Records provided Block Start
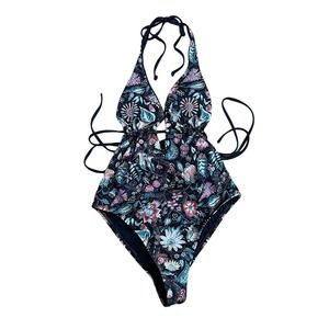 LSPACE Liberty Floracopa Pamela One Piece Swimsuit Size 6 Floral Plunge Halter
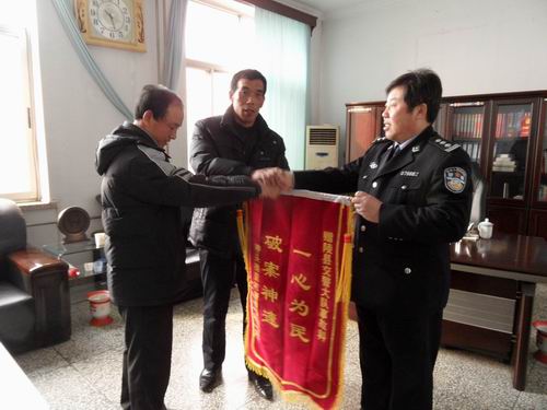 1月27日上午,“1.14”交通肇事逃逸案受害者家屬康某兩兄弟專程來到陵縣交警大隊,向交警大隊大隊長徐建剛及辦案民警贈送一面寫有“破案神速,一心為民”的錦旗,表達他們對交警迅速偵破交通肇事逃逸案的由衷謝意。在贈送錦旗和表達謝意時,受害人家屬康某表示,案件發生后,辦案民警對工作高度負責,發揮高超的破案能力,在幾乎無任何線索,家屬感到破案無望的情況下,民警通過各種手段迅速破案,從案件開始到破案僅僅用了16個小時,為受害者家屬伸張了正義,還了一份安寧。
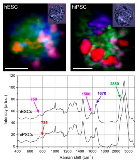 Raman imaging of typical human Embryonic Stem Cells (ESCs) and Induced Pluripotent Stem Cells (iPSCs). Colour-reconstituted Raman images of human embryonic stem cells (hESCs, upper left panel) and human induced pluripotent stem cells (hiPSCs) (upper right panel). White scale bar = 5 μm. Small insets show corresponding bright-field images recorded after Raman scanning. Raman peak at 785 cm–1 (DNA/RNA bases) mapped in red, 1670 cm–1 (proteins) in blue, 2850 cm–1 (lipids) in green, and a combination of 748 and 1585 cm−1 (cytochrome C) in magenta. hiPSCs exhibit a much higher level of DNA/RNA bases in well-defined regions of the cell. Curves in the lower panel are average spectra of hESCs (top curve) and hiPSCs (bottom curve), where the peaks used for the colour-reconstituted images are indicated with the corresponding colour (Reproduced from Parrotta et al. [] under Creative Commons CC BY license).
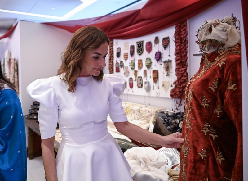 Çeyizler, gelin alayı ve gelin hamamı gibi geleneklerin sergilendiği alanda Emine Erdoğan, kültürel mirasın gelecek nesillere taşınmasının öneminden bahsetti.
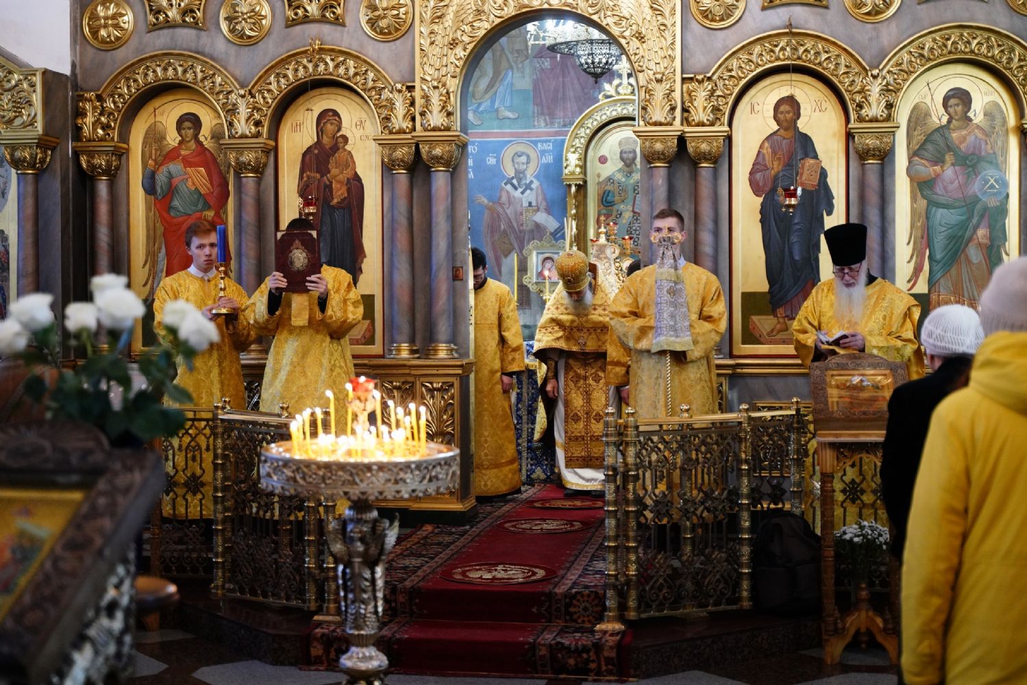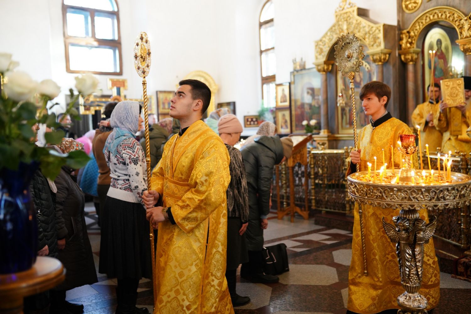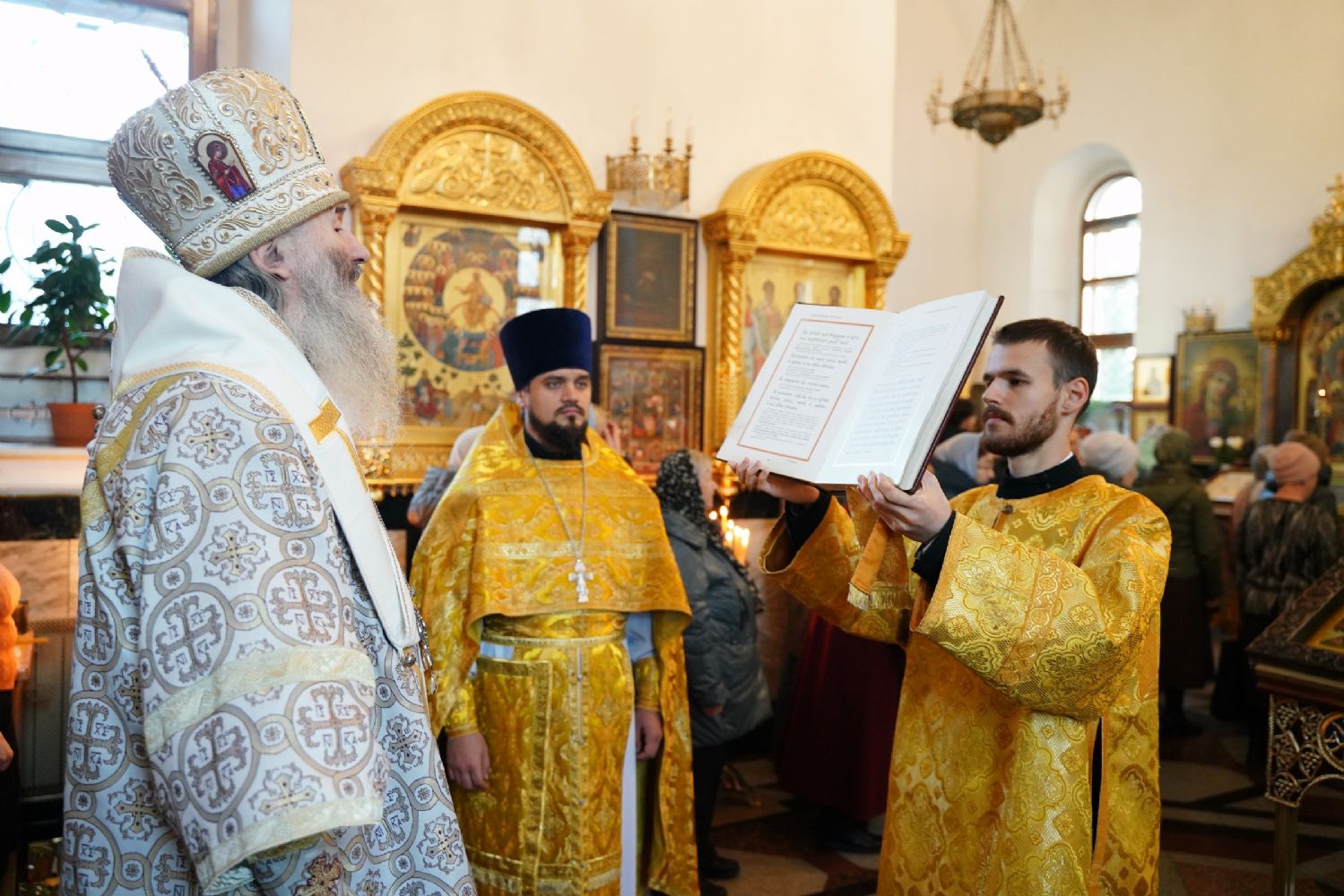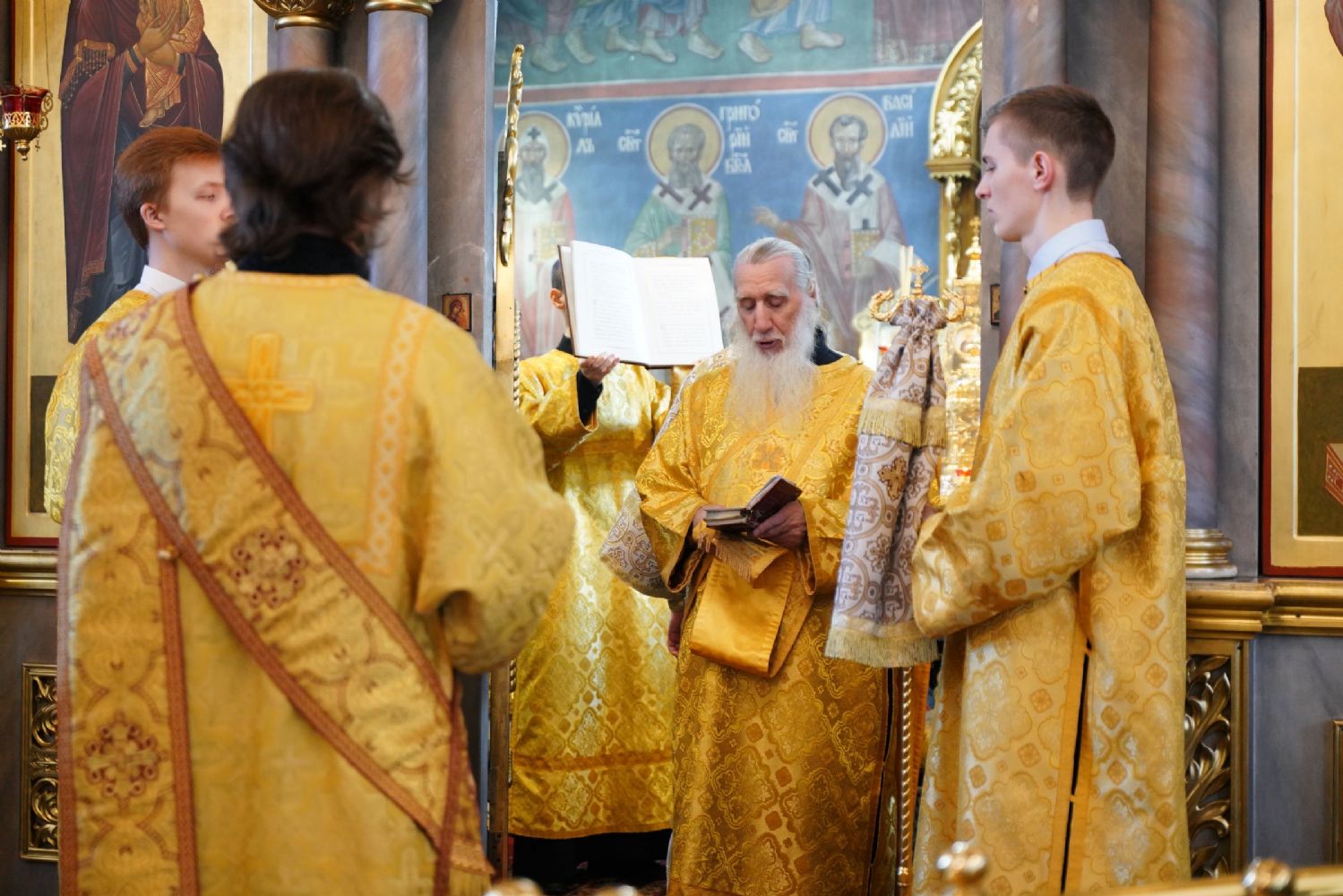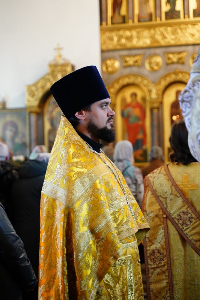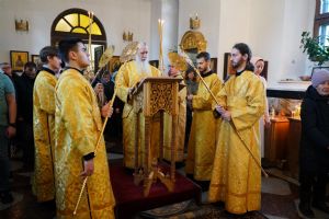 Архипастырю сослужили настоятель храма протоиерей Сергий Филонов, клирики храма иерей Никита Иванов и диакон Александр Мельников, а также протодиакон Михаил Козловский. Песнопения исполнял хор храма.
Records provided Block End
--- Required action ---
The preceding entries are to be returned verbatim, with every picture excluded.

--- Task response ---
 LSPACE Liberty Floracopa Pamela One Piece Swimsuit Size 6 Floral Plunge Halter
 1月27日上午,“1.14”交通肇事逃逸案受害者家屬康某兩兄弟專程來到陵縣交警大隊,向交警大隊大隊長徐建剛及辦案民警贈送一面寫有“破案神速,一心為民”的錦旗,表達他們對交警迅速偵破交通肇事逃逸案的由衷謝意。在贈送錦旗和表達謝意時,受害人家屬康某表示,案件發生后,辦案民警對工作高度負責,發揮高超的破案能力,在幾乎無任何線索,家屬感到破案無望的情況下,民警通過各種手段迅速破案,從案件開始到破案僅僅用了16個小時,為受害者家屬伸張了正義,還了一份安寧。
 Raman imaging of typical human Embryonic Stem Cells (ESCs) and Induced Pluripotent Stem Cells (iPSCs). Colour-reconstituted Raman images of human embryonic stem cells (hESCs, upper left panel) and human induced pluripotent stem cells (hiPSCs) (upper right panel). White scale bar = 5 μm. Small insets show corresponding bright-field images recorded after Raman scanning. Raman peak at 785 cm–1 (DNA/RNA bases) mapped in red, 1670 cm–1 (proteins) in blue, 2850 cm–1 (lipids) in green, and a combination of 748 and 1585 cm−1 (cytochrome C) in magenta. hiPSCs exhibit a much higher level of DNA/RNA bases in well-defined regions of the cell. Curves in the lower panel are average spectra of hESCs (top curve) and hiPSCs (bottom curve), where the peaks used for the colour-reconstituted images are indicated with the corresponding colour (Reproduced from Parrotta et al. [] under Creative Commons CC BY license).
 Çeyizler, gelin alayı ve gelin hamamı gibi geleneklerin sergilendiği alanda Emine Erdoğan, kültürel mirasın gelecek nesillere taşınmasının öneminden bahsetti.
 Архипастырю сослужили настоятель храма протоиерей Сергий Филонов, клирики храма иерей Никита Иванов и диакон Александр Мельников, а также протодиакон Михаил Козловский. Песнопения исполнял хор храма.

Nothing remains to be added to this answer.